Transitioning into a “post-literate” society.
“The sacred bones of a literary culture [are] being ground into dust by technology and AI and many other distractions,” writes essayist Allen. To help remedy this decay, she offers a set of appreciative essays on canonical European and Anglophone writers, focusing on the personalities of writers and how fictional and historical characters interact to offer lessons in living lives of beauty. Many of her writers—Samuel Butler, Somerset Maugham, Osbert Sitwell, and Ogden Nash, among others—achieved success despite hardship or criticism. “Light verse used to be a vital part of American culture, high and low,” Allen writes in her essay on Nash.

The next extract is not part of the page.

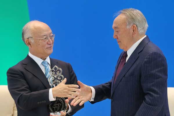 واستضافت كازاخستان الواقعة في آسيا الوسطى مباحثات بشأن البرنامج النووي الإيراني في العام 2013. ووصفت الوكالة الدولية للطاقة الذرية المصرف، الذي لا يحتوي بعد على أي وقود، بأنه "حجر أساس رئيس" يمنح الثقة للدول بخصوص توافر الوقود النووي.

Why has Sybille Bedford never escaped her status as “one of the twentieth century’s most attractive literary curiosities?” How can the plays of Horton Foote teach us that “we are all orphans wandering alone through life, and the consolations of community and family are fleeting at best?” The more you read these essays, the more you are convinced that there is something wrong with you: Distracted by modernity, you have lost grace and humor in the face of, writes Allen, “our Robespierrean practice of cancellation.” Most of Allen’s writers remain products of their own time, with their own prejudices and foibles. Can we truly get past Patricia Highsmith’s misanthropy? Can we forget Sitwell’s politics? Is Truman Capote anything other than the self-caricature he became? Many of these essays originally appeared in venues noted for their highly curated conservatism: the New Criterion, the Wall Street Journal, Christianity Today. Published over the past 25 years, they offer a road map to a reader unhappy with the way the world has turned out.
A provocative appreciation of neglected writers from a leading critic.